Where is the button on my cell phone to tell it
it doesn’t control me?
I remember the early adapters who got pagers and quickly learned that they had cut off their escape. At work their bosses could find them whenever they wanted. Leaving your pager at your desk was not an option. Being given a pager was a badge signifying importance that quickly became a shackle of servitude.
A cellphone is supposed to be more than a pager, a means to reach everybody else. It makes me feel like a television with the remote being bandied about who knows where. And too often it’s the remote itself calling in.

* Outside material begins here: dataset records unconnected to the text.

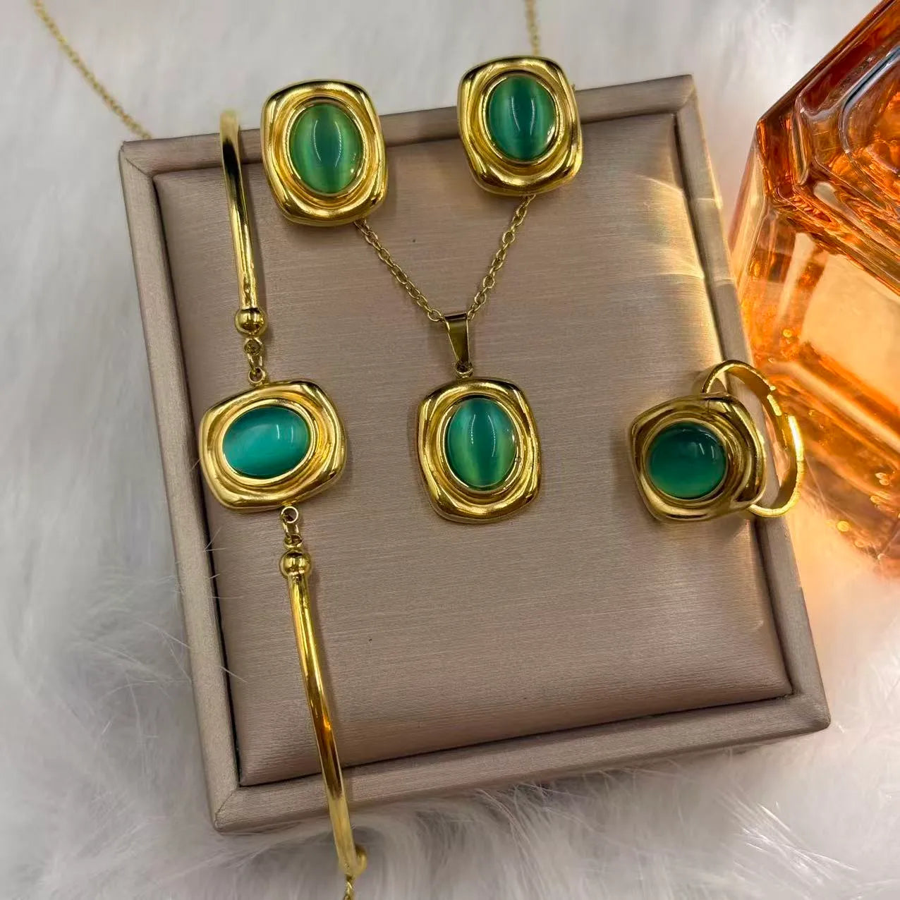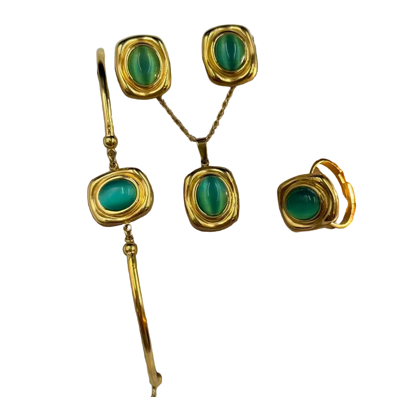 Σετ ατσάλι κολιέ σκουλαρίκια βραχιόλι και δαχτυλίδι με πράσινη πέτρα-SET068
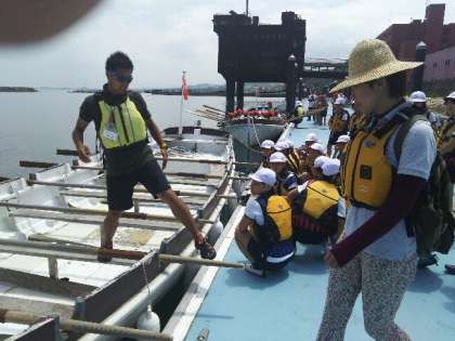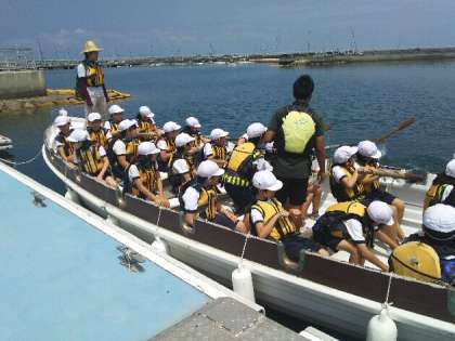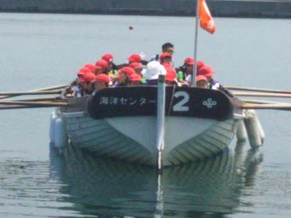 九時半に海洋センターにつきました。晴天、気温が28度。少し暑いですが、すぐに入所式を行いました。これから、ライフジャケットを着けて、カッター体験です。全員元気に活動してます。
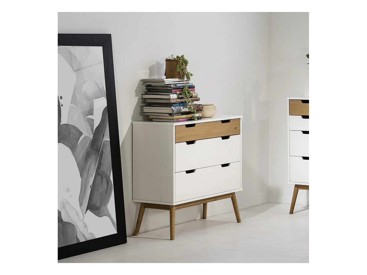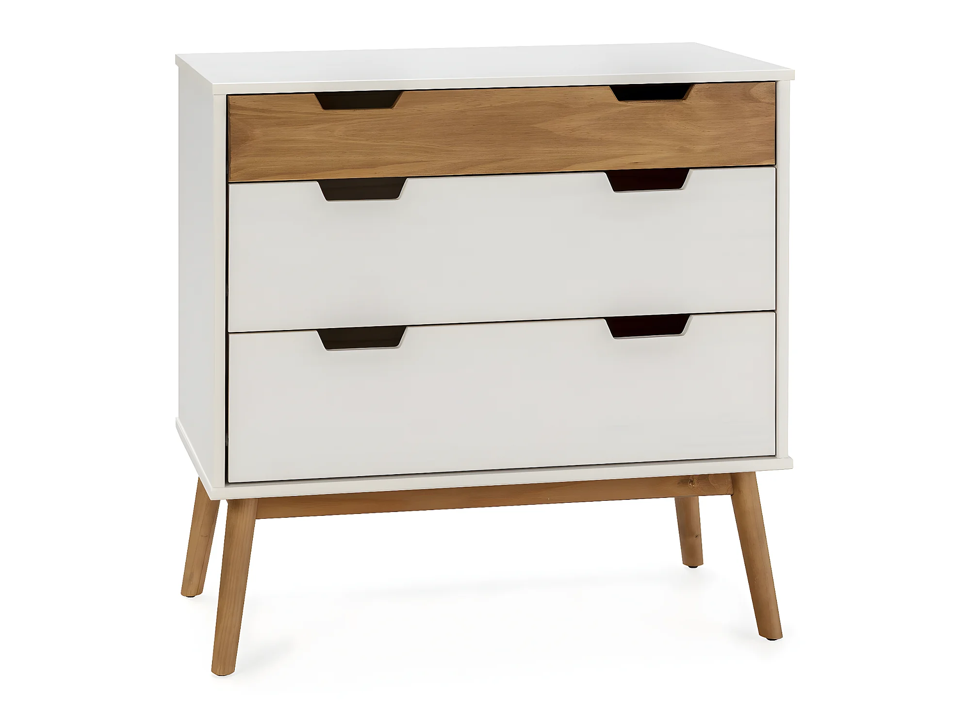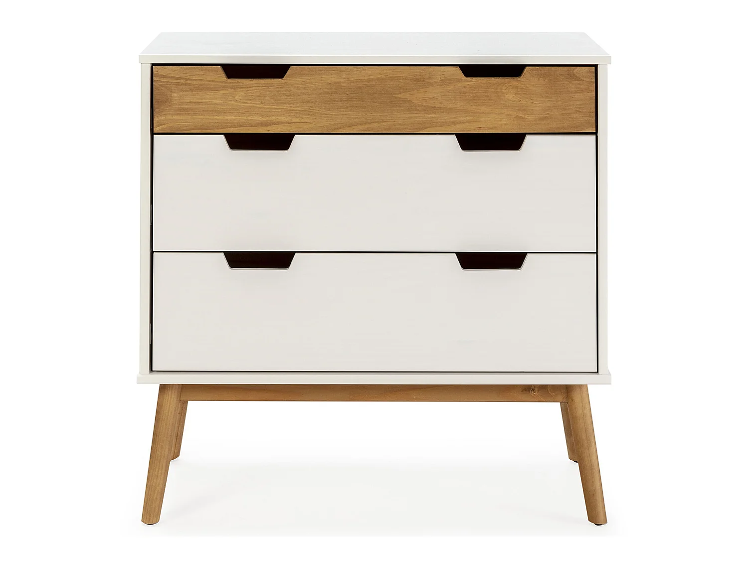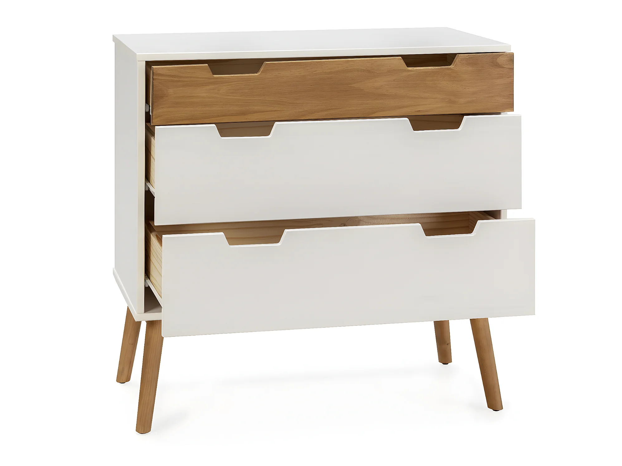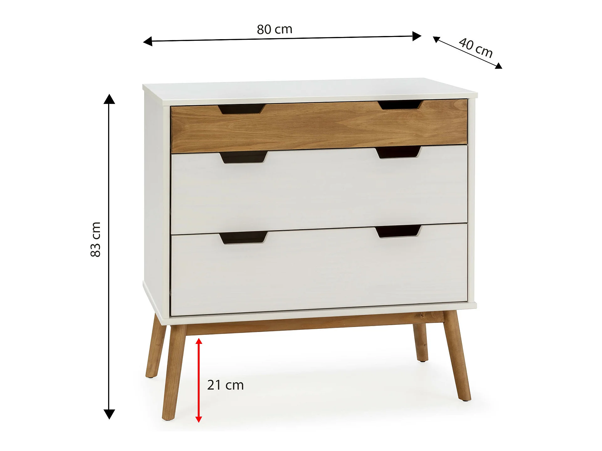 Nachtkastje Baku met 3 laden in wit/was kleur, 80 cm breed.
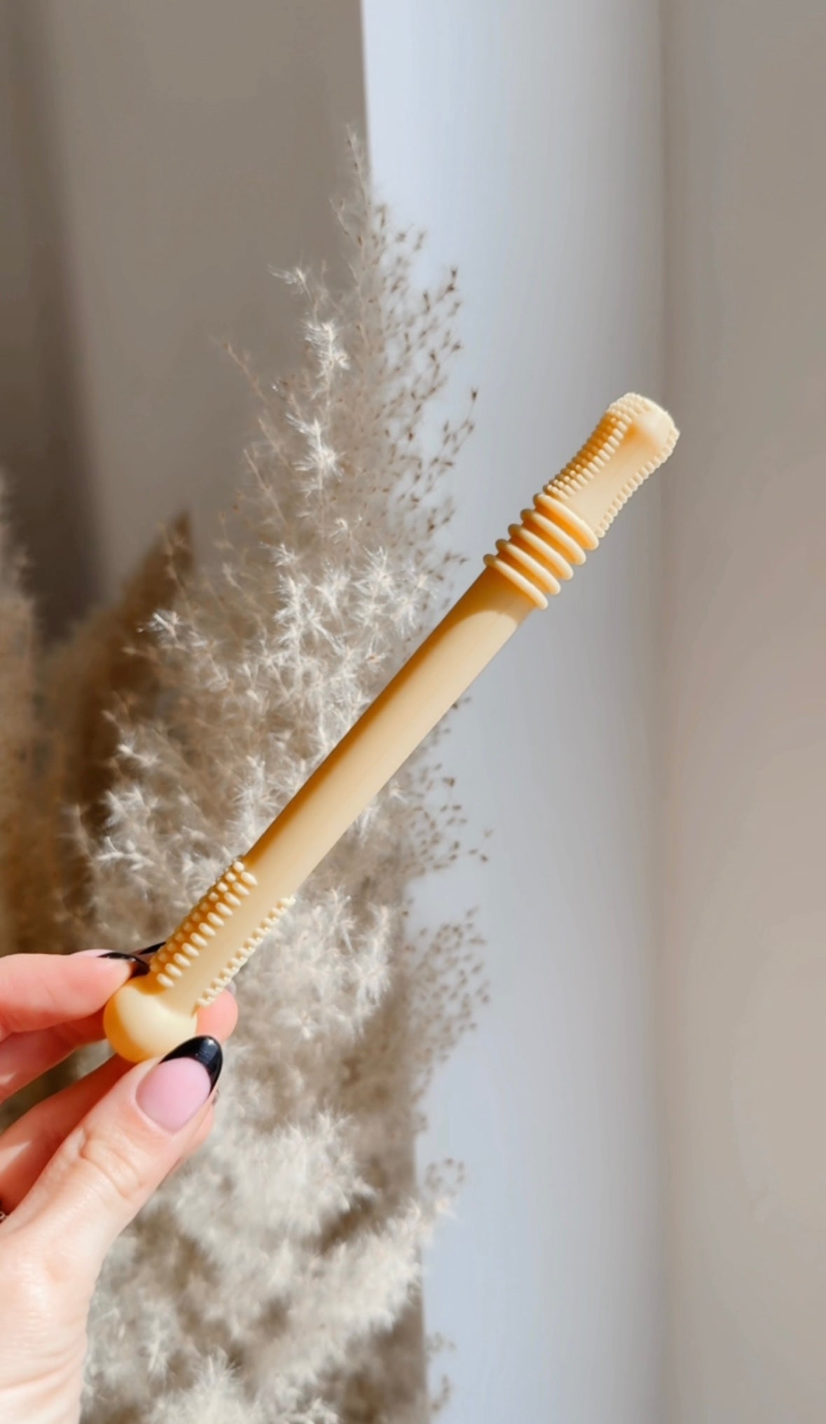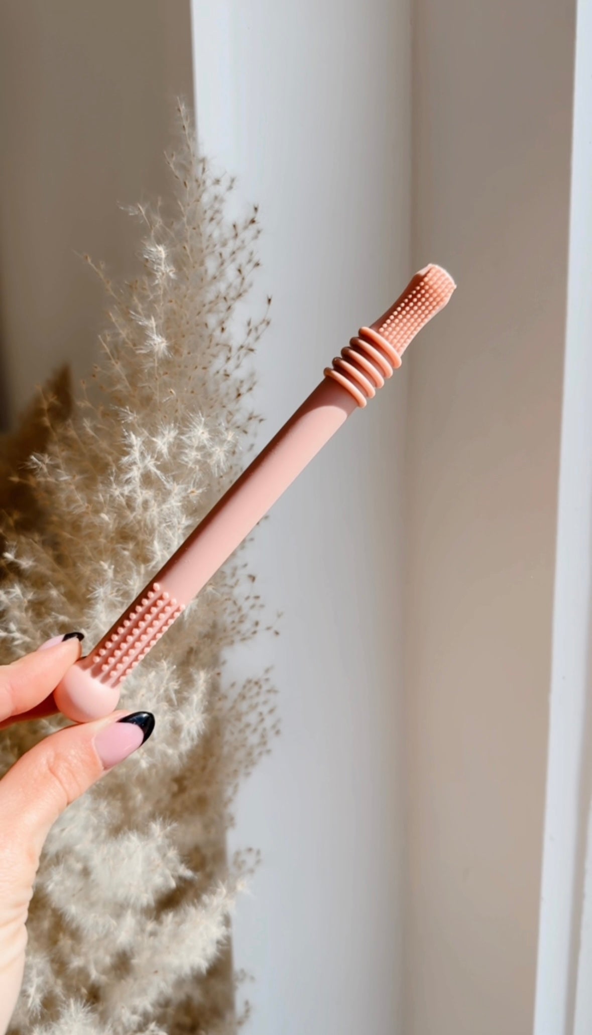 The most practical teether there is! Meet the Little Kinfolk Magic Teething Wand! They are textured with 5 different textures. Textures are perfect for all teether stages, first tooth thru back molars. Magic Teething Wand Size is 8 inches. Also with every purchase you get a custom case for your wand. Keep them nice and clean between chews! Case comes in Pink, Blue, Oat and Seafoam.

I appreciate the many features of my modern cell phone, it is indeed the most unimaginably versatile little gadget I have ever had. But I need it to do more. My phone can take pictures, record memos, and wake me up, along with every conceivable permutation of telephony, except excuse itself. It’s like a randy butler and I have to excuse it. In public, I have to make sure it will not ring inappropriately. In private I have to bear its interruptions when a better class of valet would know when to withdraw.
How should I know ahead of time when I would prefer not to be reminded of missed calls, or awaiting messages, or a waning battery? Certainly these are important matters, but in the quiet of my affairs I don’t need a needy pip-squeak chiming with regular monotony every two minutes.
Maybe the answer is in the manual. Believe me, the last thing I want is to have to learn how to better understand my new high maintenance [uninvited] best bud.